What Is Life Insurance?
Life insurance is a contract between an insurer and a policy owner. A life insurance policy guarantees the insurer pays a sum of money to named beneficiaries when the insured dies in exchange for the premiums paid by the policyholder during their lifetime.
The life insurance application must accurately disclose the insured’s past and current health conditions and high-risk activities to enforce the contract.
Key Takeaways
- Life insurance is a legally binding contract that pays a death benefit to the policy owner when the insured dies.
- For a life insurance policy to remain in force, the policyholder must pay a single premium upfront or pay regular premiums over time.
- When the insured dies, the policy’s named beneficiaries will receive the policy’s face value, or death benefit.
- Term life insurance policies expire after a certain number of years. Permanent life insurance policies remain active until the insured dies, stops paying premiums, or surrenders the policy.
- A life insurance policy is only as good as the financial strength of the company that issues it. State guaranty funds may pay claims if the issuer can’t.
Types of Life Insurance
Many different types of life insurance are available to meet all sorts of needs and preferences. Depending on the short- or long-term needs of the person to be insured, the major choice of whether to select temporary or permanent life insurance is important to consider.
Term life insurance
Term life insurance lasts a certain number of years, then ends. You choose the term when you take out the policy. Common terms are 10, 20, or 30 years. The best term life insurance policies balance affordability with long-term financial strength.
- Decreasing term life insurance is renewable term life insurance with coverage decreasing over the life of the policy at a predetermined rate.
- Convertible term life insurance allows policyholders to convert a term policy to permanent insurance.
- Renewable term life insurance provides a quote for the year the policy is purchased. Premiums increase annually and are usually the least expensive term insurance in the beginning.
Permanent life insurance
Permanent life insurance stays in force for the insured’s entire life unless the policyholder stops paying the premiums or surrenders the policy. It’s typically more expensive than term.
- Whole life insurance is a type of permanent life insurance that accumulates cash value. Cash-value life insurance allows the policyholder to use the cash value for many purposes, such as a source of loans or cash or to pay policy premiums.
- Universal Life (UL) is a type of permanent life insurance with a cash value component that earns interest. Universal life features flexible premiums.
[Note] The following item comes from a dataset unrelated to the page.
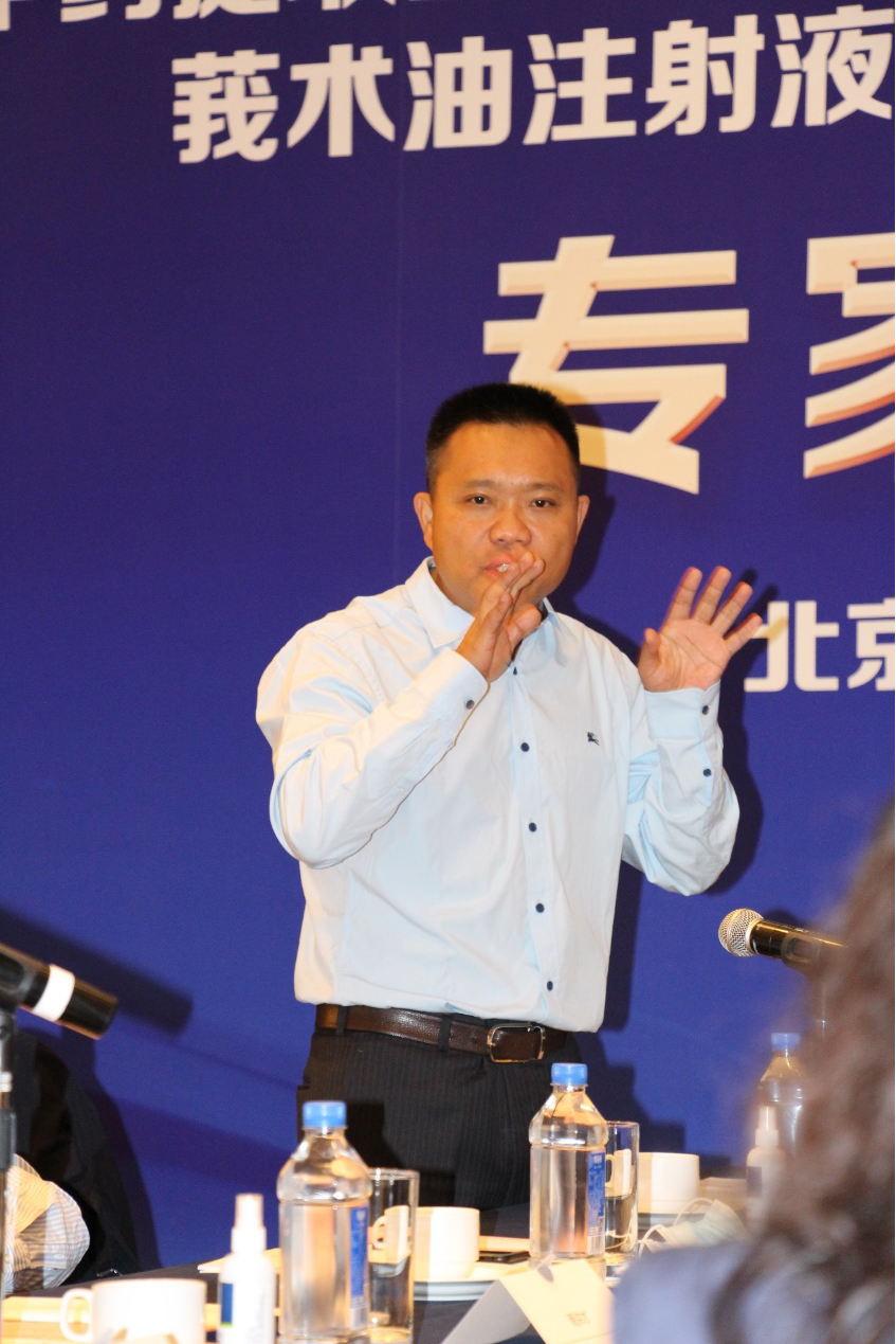 本次会议由中华中医药学会科学普及部张霄潇主任主持,围绕“莪术油注射液有效性与安全性再评价研究”主题进讨论。中华中医药学会王国辰副会长认为学会是一个平台,联系着临床、基础实验、产业来一起推动产品在发展中的实际问题。今年突如其来的“新冠”疫情,中医药发挥了巨大的优势,其中中药注射液对新冠患者的治疗具有较好疗效。期望参会的科学家发挥自己的专业优势,企业承担自己的社会责任,一起做好莪术油注射液的有效性与安全性研究,为“健康中国”做出应有贡献。

Unlike term and whole life, the premiums can be adjusted over time and designed with a level death benefit or an increasing death benefit.
- Indexed Universal (IUL) is a type of universal life insurance that lets the policyholder earn a fixed or equity-indexed rate of return on the cash value component.
Variable universal life insurance allows the policyholder to invest the policy’s cash value in an available separate account. It also has flexible premiums and can be designed with a level death benefit or an increasing death benefit.
Term vs. Permanent Life Insurance
Term life insurance differs from permanent life insurance in several ways but tends to best meet the needs of most people. Term life insurance only lasts for a set period of time and pays a death benefit should the policyholder die before the term has expired. Permanent life insurance stays in effect as long as the policyholder pays the premium. Another critical difference involves premiums—term life is generally much less expensive than permanent life because it does not involve building a cash value.
Before you apply for life insurance, you should analyze your financial situation and determine how much money would be required to maintain your beneficiaries’ standard of living or meet the need for which you’re purchasing a policy.
For example, if you are the primary caretaker and have children 2 and 4 years old, you would want enough insurance to cover your custodial responsibilities until your children are grown up and able to support themselves.
You might research the cost of hiring a nanny and a housekeeper or using commercial child care and cleaning services, then perhaps add some money for education. Include any outstanding mortgage and retirement needs for your spouse in your life insurance calculation. Especially if the spouse earns significantly less or is a stay-at-home parent. Add up what these costs would be over the next 16 or so years, add more for inflation, and that’s the death benefit you might want to buy—if you can afford it.